┌──

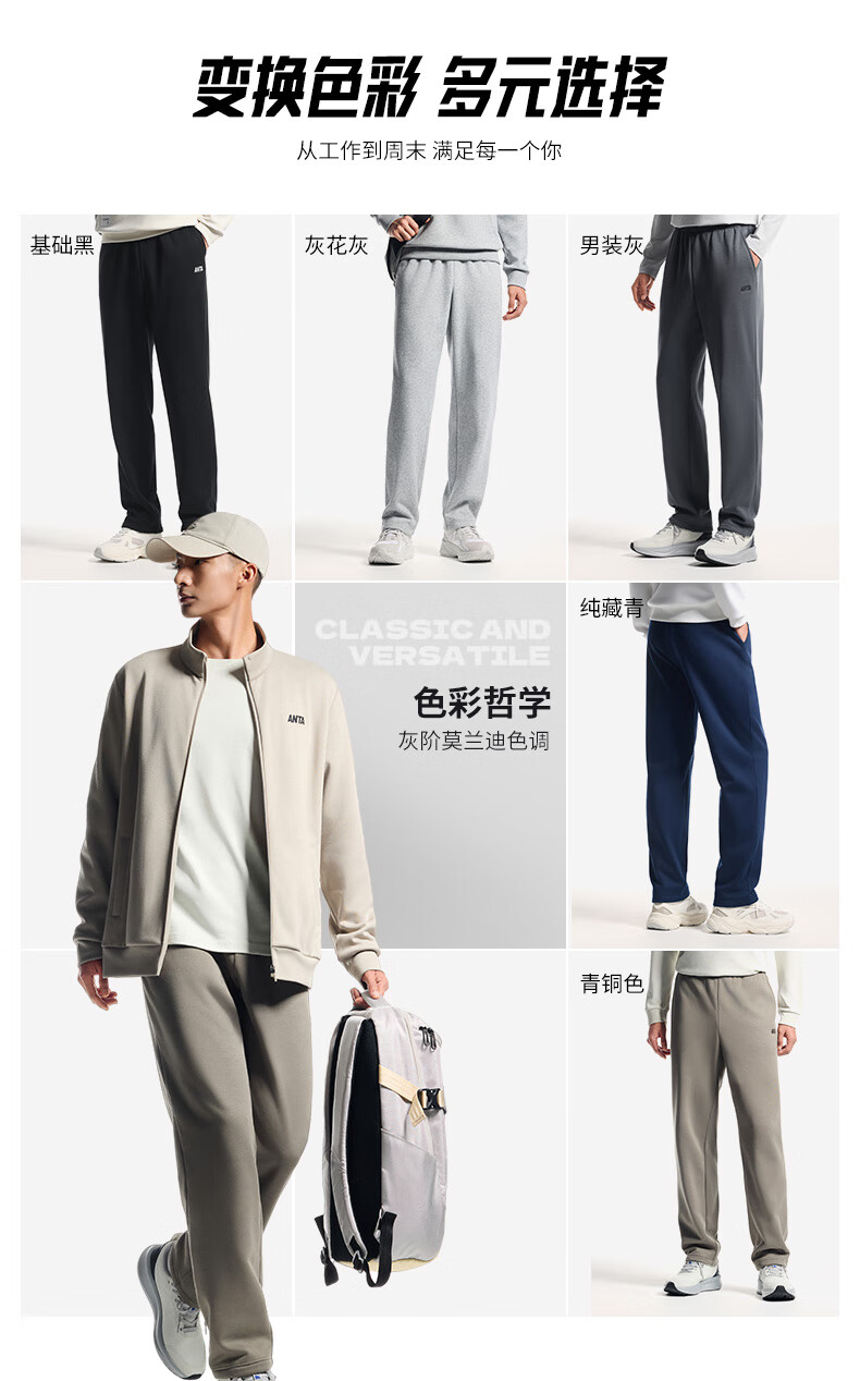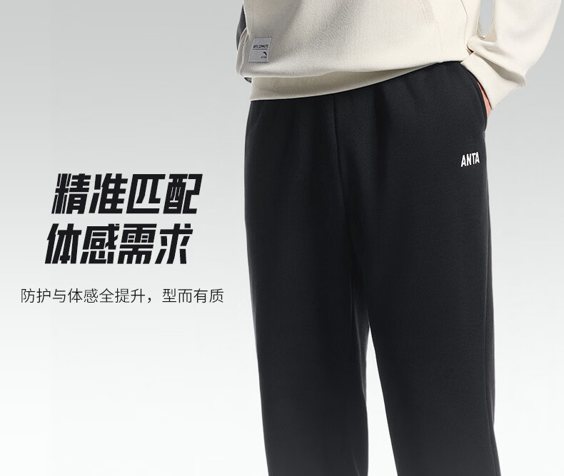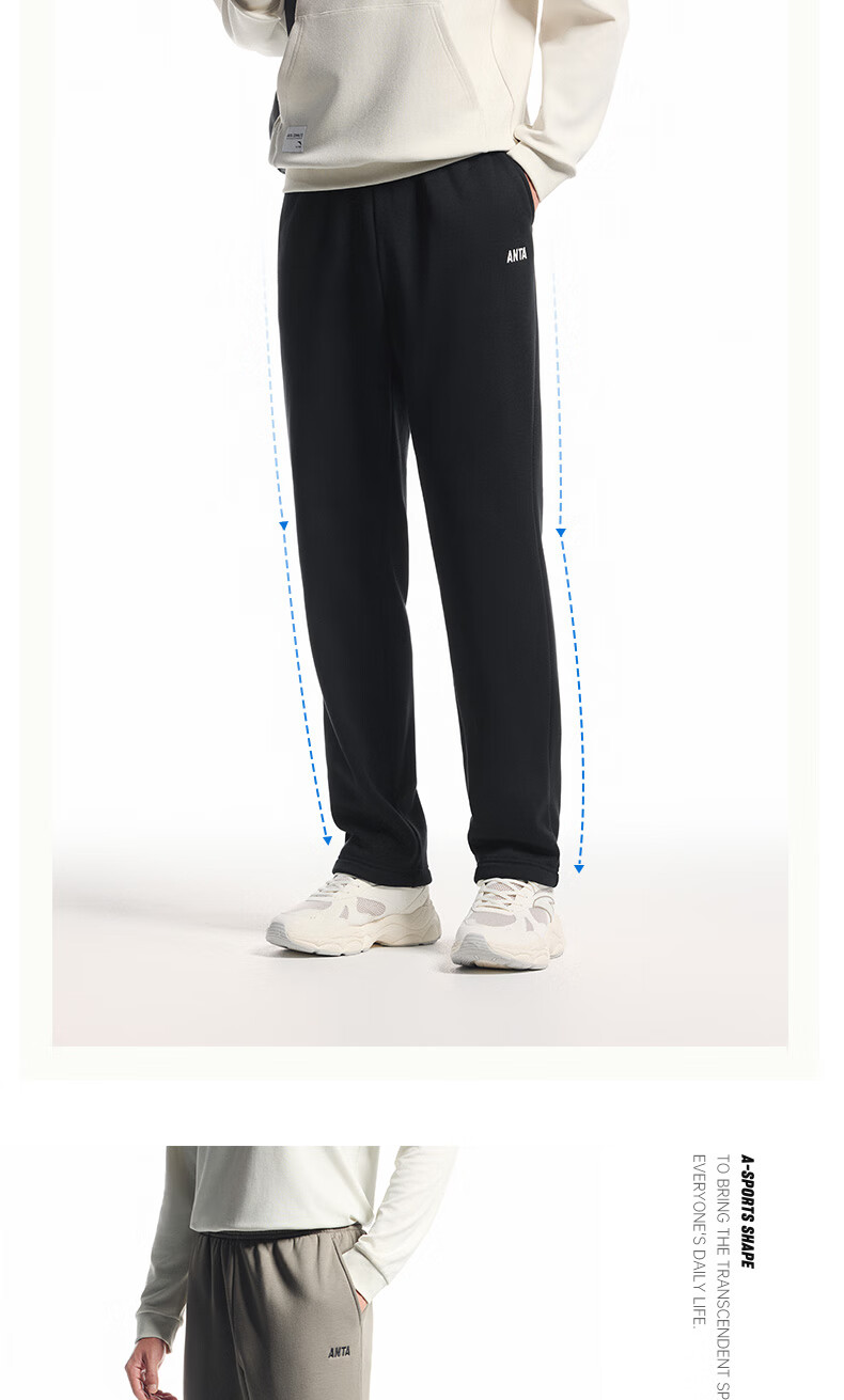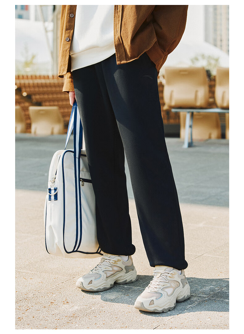 安踏加绒保暖运动裤男士直筒卫裤秋季针织户外跑步长裤平口休闲裤
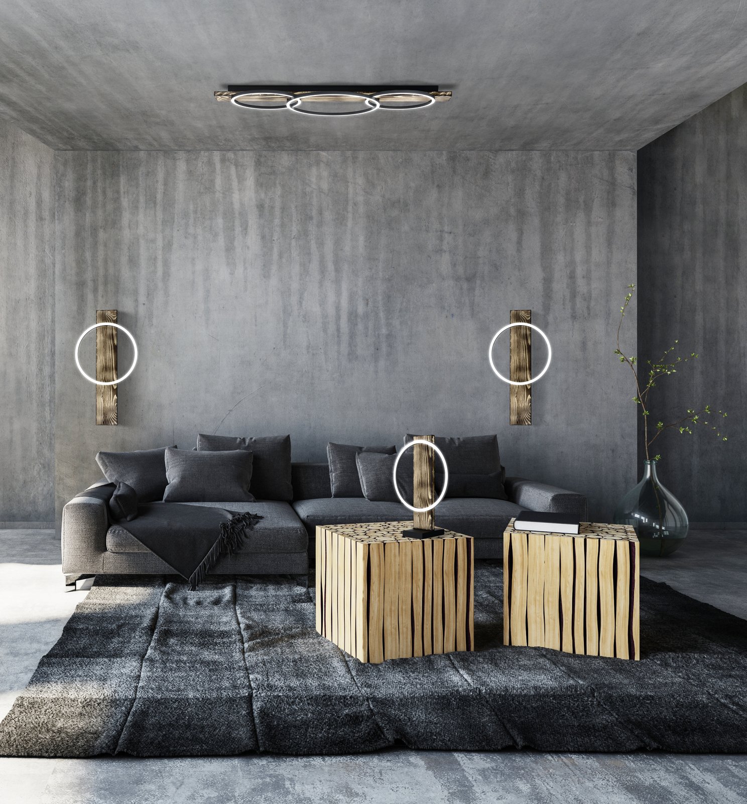 Lampen mit interessantem Design, passend für alle modernen Innenräume. Der Sockel der Lampe besteht aus Holz und die runden Schirme sind aus Stahl in Schwarz und Kunststoff in Weiß.
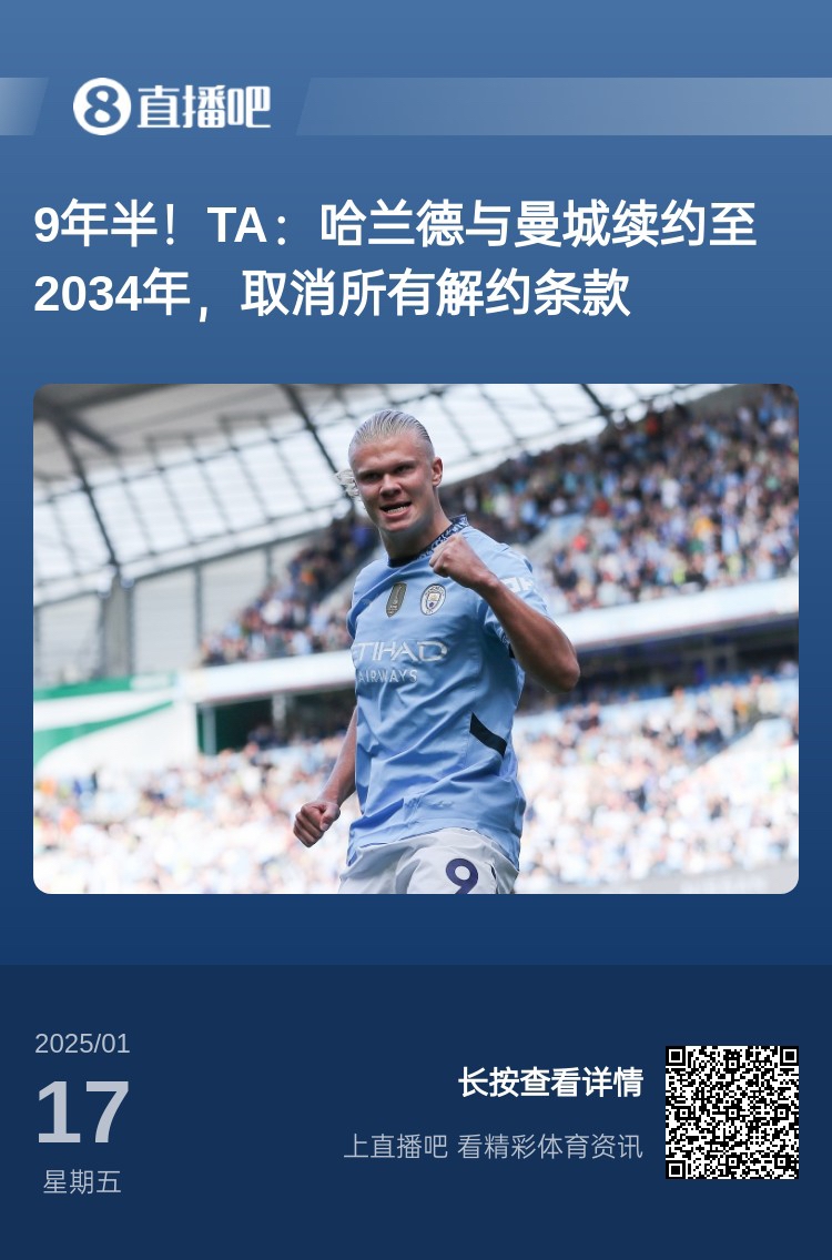 除特別注明外,本站所有內(nèi)容均為九球直播整理排版,轉(zhuǎn)載請(qǐng)注明出處:9年半!TA:哈蘭德與曼城續(xù)約至2034年,取消所有解約條款

└──

## Brief
What is needed is a word-for-word copy of the data, minus its pictures.

## Output of the exercise
 安踏加绒保暖运动裤男士直筒卫裤秋季针织户外跑步长裤平口休闲裤
 Lampen mit interessantem Design, passend für alle modernen Innenräume. Der Sockel der Lampe besteht aus Holz und die runden Schirme sind aus Stahl in Schwarz und Kunststoff in Weiß.
 除特別注明外,本站所有內(nèi)容均為九球直播整理排版,轉(zhuǎn)載請(qǐng)注明出處:9年半!TA:哈蘭德與曼城續(xù)約至2034年,取消所有解約條款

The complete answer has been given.